Alright, Johnny, I admit it. I'm a diehard Smiths fan. The kind with diary entries and strong opinions about bus stops and rain. I applied to Manchester University not because it had a good humanities department, but because I wanted to live in a rented room in Whalley Range. I own a copy of Mozipedia: The Encyclopedia of Morrissey and The Smiths and refer to it in a real-world situations to settle disputes over reissued B-sides. I've seen Morrissey live more times than any well-adjusted adult ever should. I'm vegetarian. I want "Well I Wonder" played at my funeral because "There Is a Light That Never Goes Out" is too obvious.

And now I'm sitting here, opposite Johnny Marr, someone whose band has impacted my life from the moment I first heard "Bigmouth Strikes Again," trying not to come across as an IRL version of the heart-eyed emoji.

Marr seems to sense my embarrassment and laughs kindly. "Oh yeah! Is it his signature?"

"It's not his signature exactly, I just kind of … "

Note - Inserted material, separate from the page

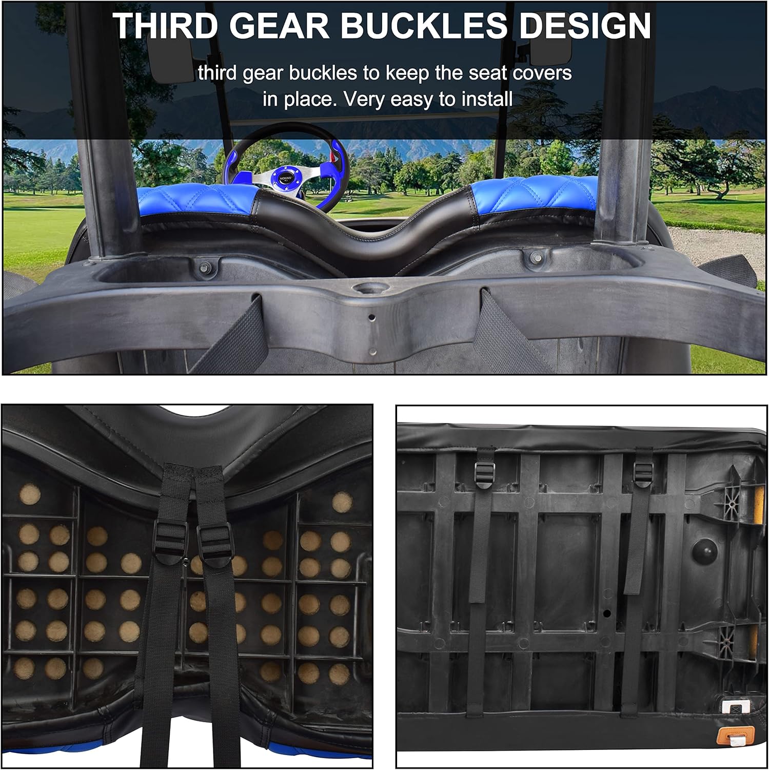 - 【Diamond Appearance Design】Golf cart front seat cover with diamond appearance design adds a touch of luxury and elegance to your golf cart, which will surely turn heads on the course. Premium and durable PVC vinyl leather brings ultimate enjoyment and comfort to your golf cart.

I spent four hours PhotoShopping Morrissey's handwriting into the design, then made the tattoo artist reposition the stencil three times before finally settling on my left arm because it's the one with the vein that flows directly to the heart.

"Appropriated it?" Marr finishes. "Ah yeah, it looks good."

"Thanks. You have a few tattoos now too?" I say, desperately attempting to divert the conversation from the fact that I have the name of Marr's estranged bandmate indelibly injected into my skin with ink.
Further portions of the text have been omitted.